Good inter-agency cooperation is key to Avilla’s work in cyberprotection. “We monitor [perpetrators’] finances. Who’s sending money? And why are they sending money? We can charge them with crimes in the US.”

Becoming Sweetie

The panel also featured a short video documentary called “Becoming Sweetie.” Sweetie was a project of Terre Des Hommes, where researchers used the image of a computer-generated ten-year-old Filipino girl to entrap perpetrators of online child exploitation. Llanto asked, why a Filipina?

De Leon explained that they actually started out with the persona of an African boy, but perpetrators were not interested. They also tried Indonesian and Thai children, but received little response. The persona of Sweetie as a Filipina girl was what got the attention of perpetrators. Llanto surmised that Filipino physical appearance is very similar to that of children from other Southeast Asian countries, so perhaps Filipino proficiency in English had something to do with it.

De Leon shared that in April of 2015, they launched Sweetie 2.0, with the objective of stopping crime before it happens.

This is Part 1 of a two-part feature.
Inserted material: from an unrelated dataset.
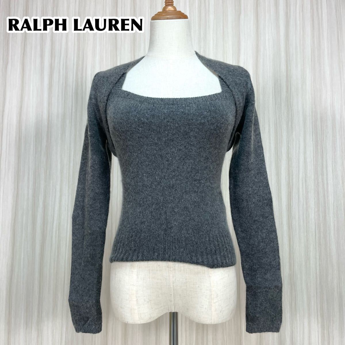 - ☆美品☆クリーニング済み☆高級素材☆美形☆ラルフローレン ボレロ キャミソール アンサンブル 2点セット M カシミヤウール グレー 古着
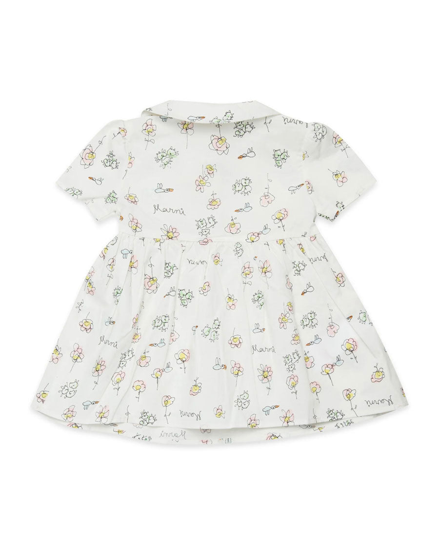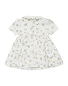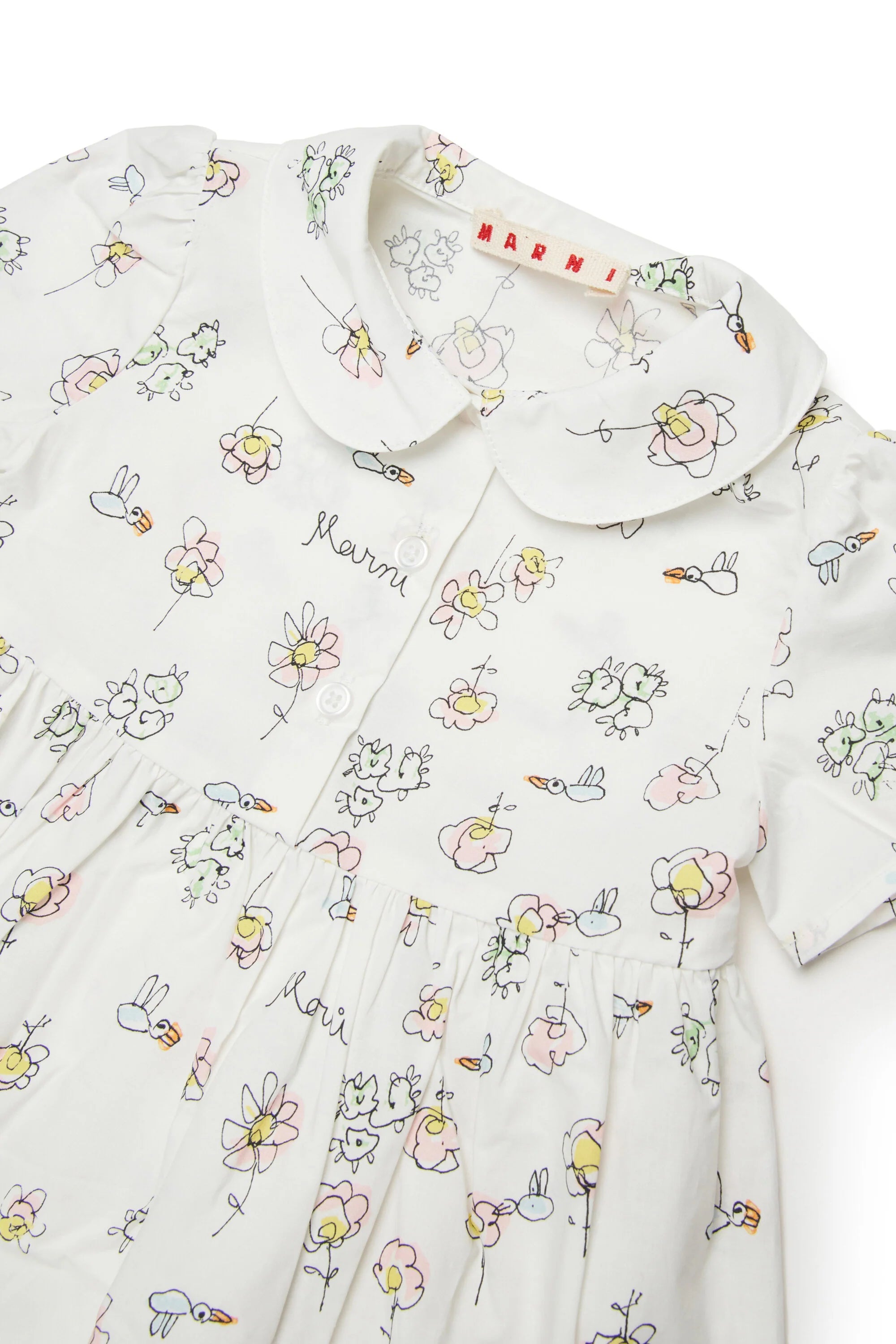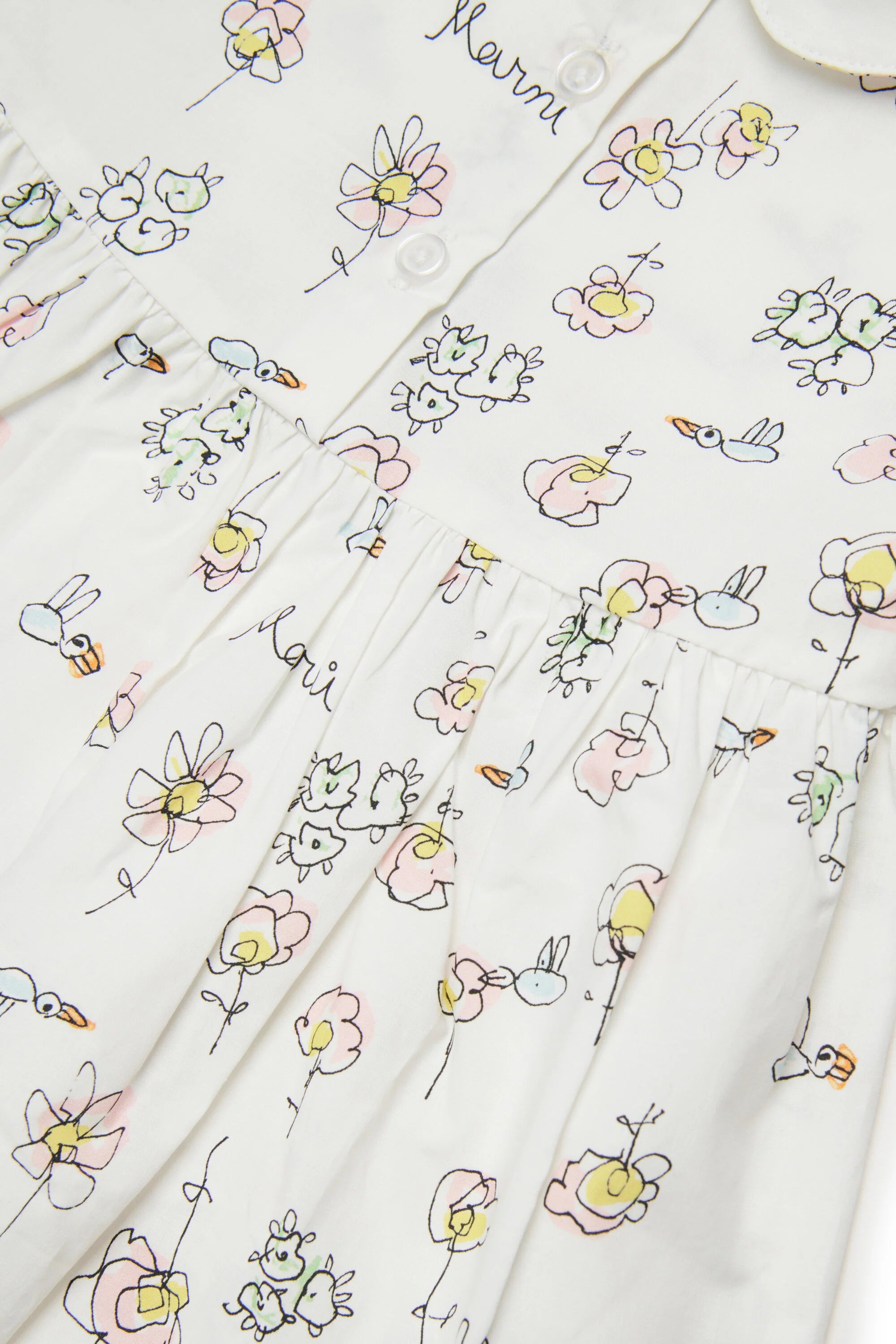 Short dress with all-over logo and floral print, featuring a rounded collar and short sleeves.

Read Part 2 here.

Learn more about APSB2015 on its website and Facebook page. For details on the topics discussed in the conference, check out this program.
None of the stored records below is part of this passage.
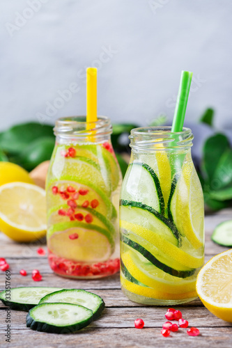 Fresh cool lemon cucumber rosemary infused water detox drink
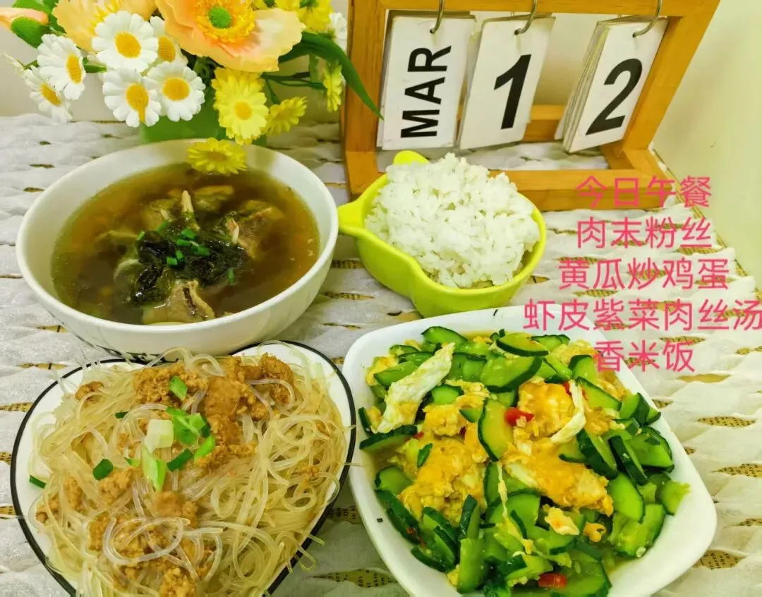 肉沫粉丝、黄瓜炒鸡蛋、海虾皮紫菜肉丝汤、香米饭
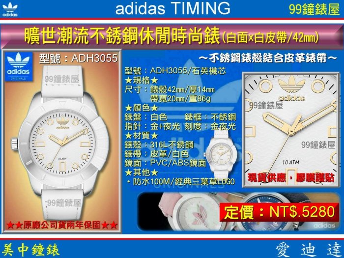 優寶購物《ubao.Tw》特貨品商城,黑貓宅配,取貨付款,【99鐘錶屋】adidas Timing愛迪達錶:《曠世潮流不銹鋼休閒時尚腕錶/白面白皮帶/42mm》(ADH3055) | Yahoo拍賣
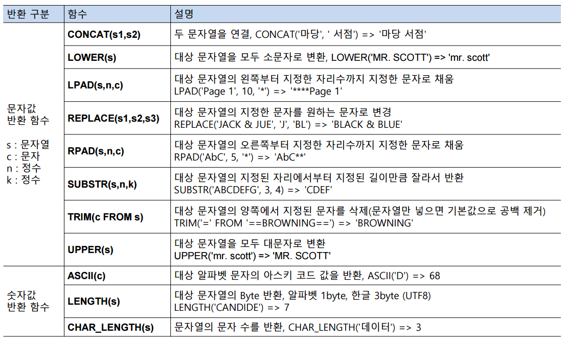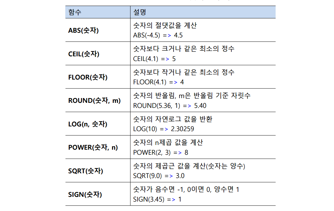 내장함수에 대해 배웠다. 숫자 계산과, 문자열을 다루고 날짜,시간 함수를 배우고 예제를 풀었다.

Check out photos from the event on Facebook and live social media coverage on Twitter!

2 Comments on “#APSB2015: (1/2) How do we fight online child abuse?”

  1. Pingback: #APSB2015: (2/2) Biggest gathering of advocates of child protection held in Cebu | Mulat Pinoy-Kabataan News Network (MP-KNN)

  2. Pingback: #APSB2015: Aftercare for Online Child Abuse Victims | Mulat Pinoy-Kabataan News Network (MP-KNN)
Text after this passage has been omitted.